MATERIAL SHOWN:
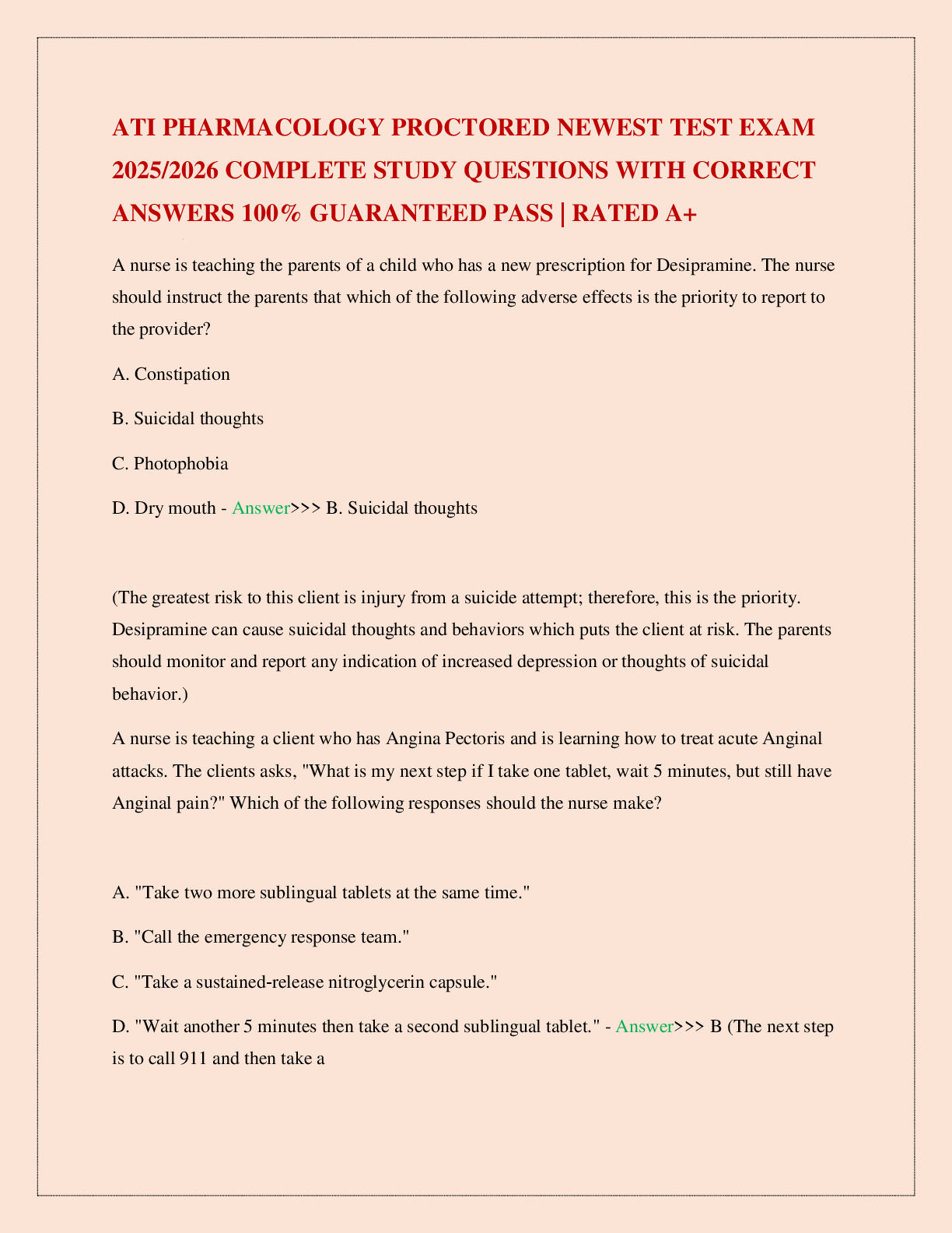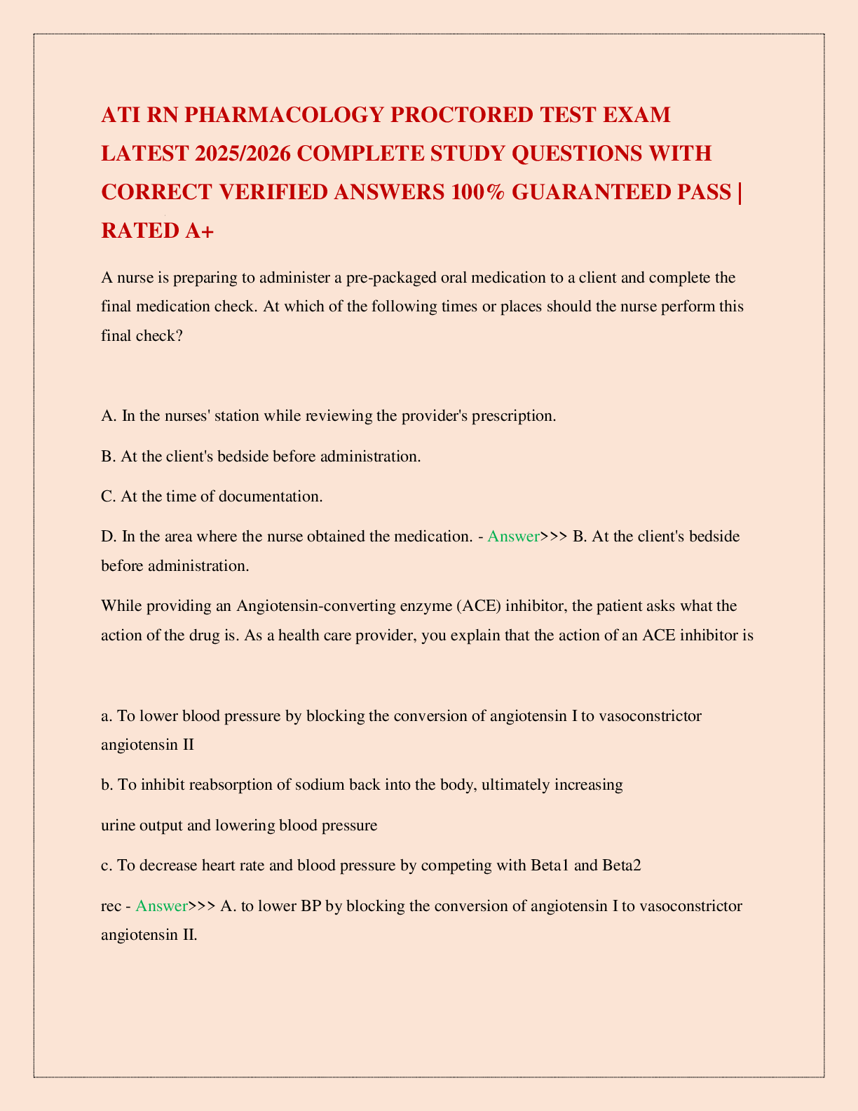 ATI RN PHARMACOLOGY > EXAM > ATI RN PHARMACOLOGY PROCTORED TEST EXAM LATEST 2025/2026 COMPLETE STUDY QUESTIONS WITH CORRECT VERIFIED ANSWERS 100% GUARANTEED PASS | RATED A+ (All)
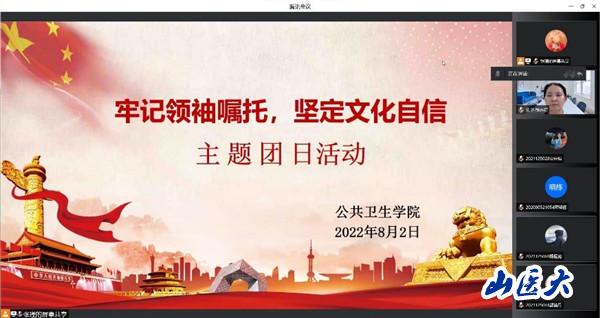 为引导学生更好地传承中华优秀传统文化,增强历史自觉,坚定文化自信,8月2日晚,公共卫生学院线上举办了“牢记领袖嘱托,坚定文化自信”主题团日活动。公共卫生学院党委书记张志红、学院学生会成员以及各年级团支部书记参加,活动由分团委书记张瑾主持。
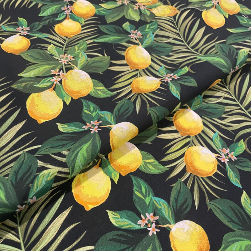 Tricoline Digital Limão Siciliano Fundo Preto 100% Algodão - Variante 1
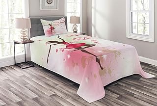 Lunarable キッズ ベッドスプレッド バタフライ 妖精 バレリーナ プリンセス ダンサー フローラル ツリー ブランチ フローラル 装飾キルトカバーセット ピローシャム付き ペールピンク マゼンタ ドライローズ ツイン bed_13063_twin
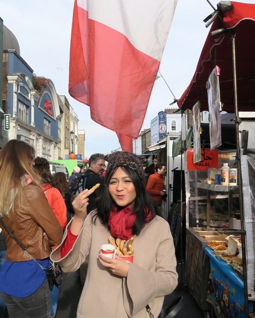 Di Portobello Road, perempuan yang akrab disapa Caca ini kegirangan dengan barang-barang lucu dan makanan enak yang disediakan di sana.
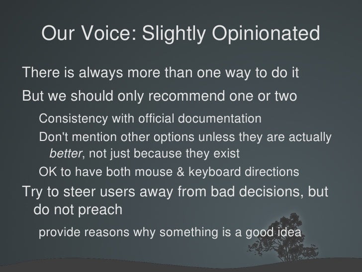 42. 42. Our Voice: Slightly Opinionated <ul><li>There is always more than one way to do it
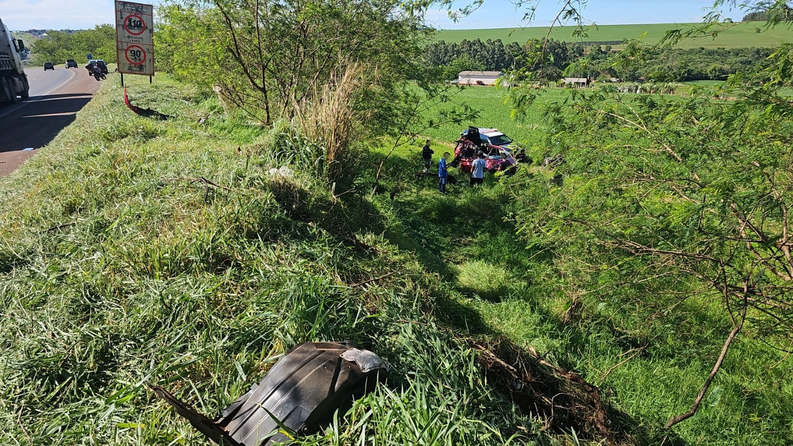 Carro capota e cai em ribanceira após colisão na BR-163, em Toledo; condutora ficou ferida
* * *
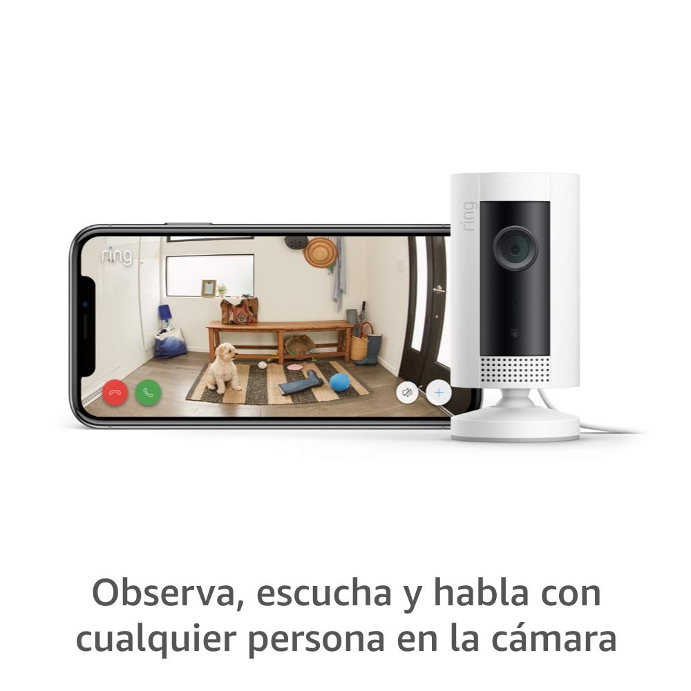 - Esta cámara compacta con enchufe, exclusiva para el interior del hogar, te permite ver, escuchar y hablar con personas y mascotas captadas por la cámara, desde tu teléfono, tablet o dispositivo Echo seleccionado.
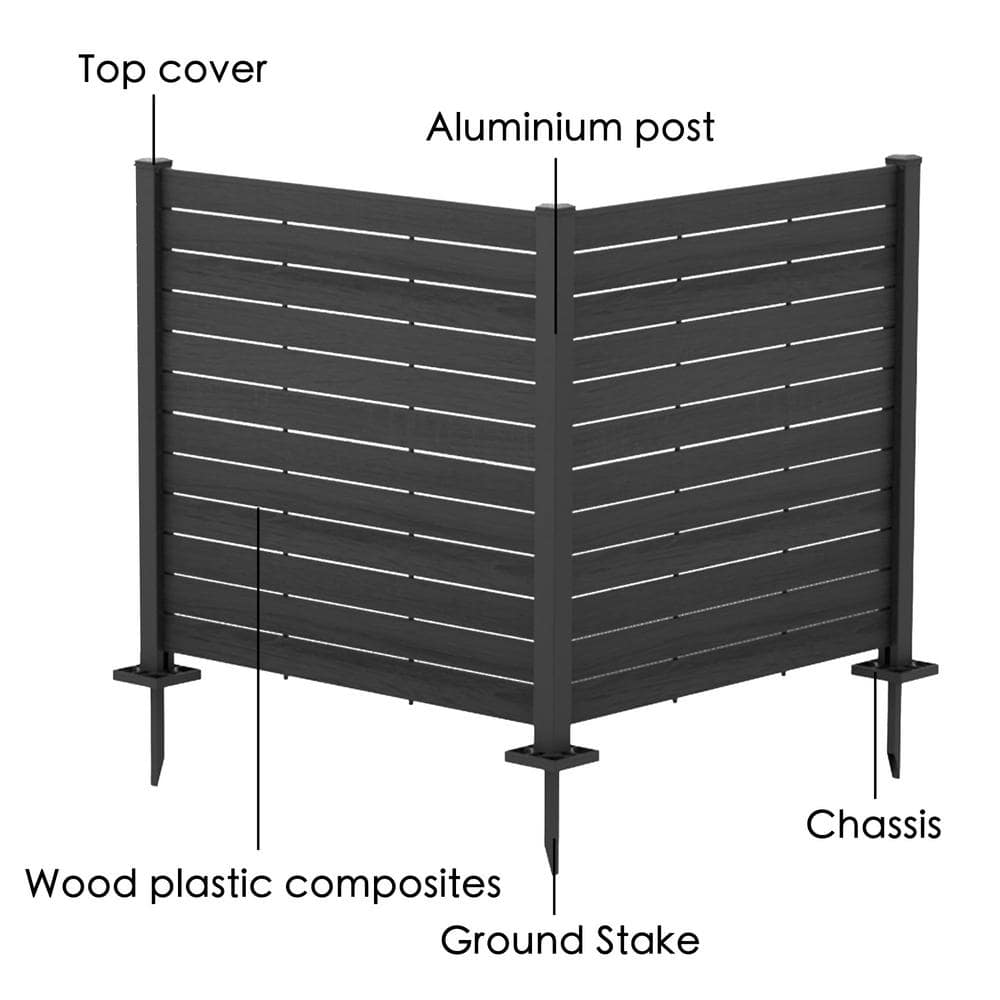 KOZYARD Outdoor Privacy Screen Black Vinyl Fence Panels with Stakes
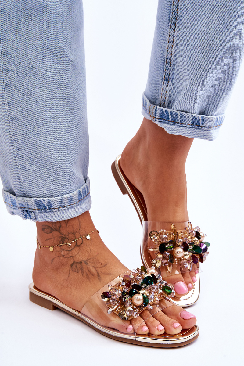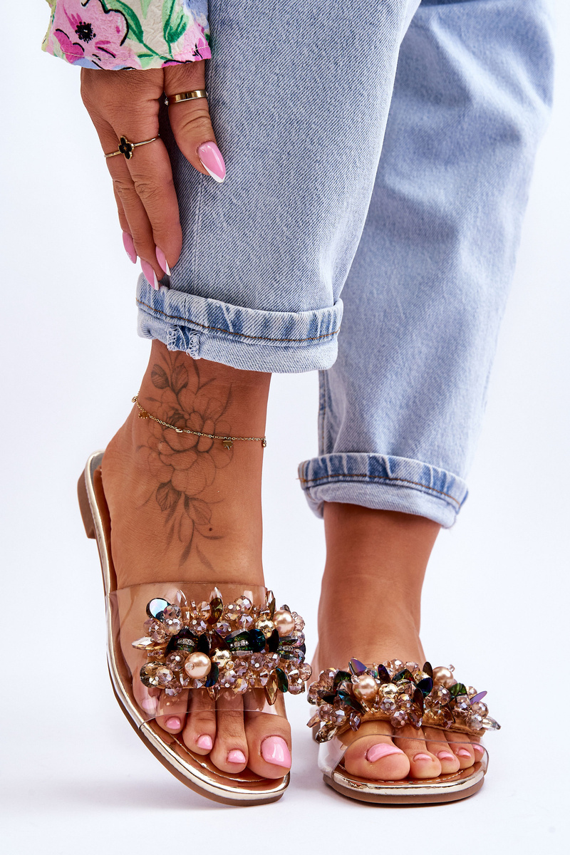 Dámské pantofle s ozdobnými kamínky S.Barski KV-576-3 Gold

YOUR OBJECTIVE:
Exactly the lines above, from the one containing "ATI RN PHARMACOLOGY >" down to the one containing "Tricoline Digital Limão", are to be repeated, including both ends. Pictures are not part of the copy.

TASK RESULT:
 ATI RN PHARMACOLOGY > EXAM > ATI RN PHARMACOLOGY PROCTORED TEST EXAM LATEST 2025/2026 COMPLETE STUDY QUESTIONS WITH CORRECT VERIFIED ANSWERS 100% GUARANTEED PASS | RATED A+ (All)
 为引导学生更好地传承中华优秀传统文化,增强历史自觉,坚定文化自信,8月2日晚,公共卫生学院线上举办了“牢记领袖嘱托,坚定文化自信”主题团日活动。公共卫生学院党委书记张志红、学院学生会成员以及各年级团支部书记参加,活动由分团委书记张瑾主持。
 Tricoline Digital Limão Siciliano Fundo Preto 100% Algodão - Variante 1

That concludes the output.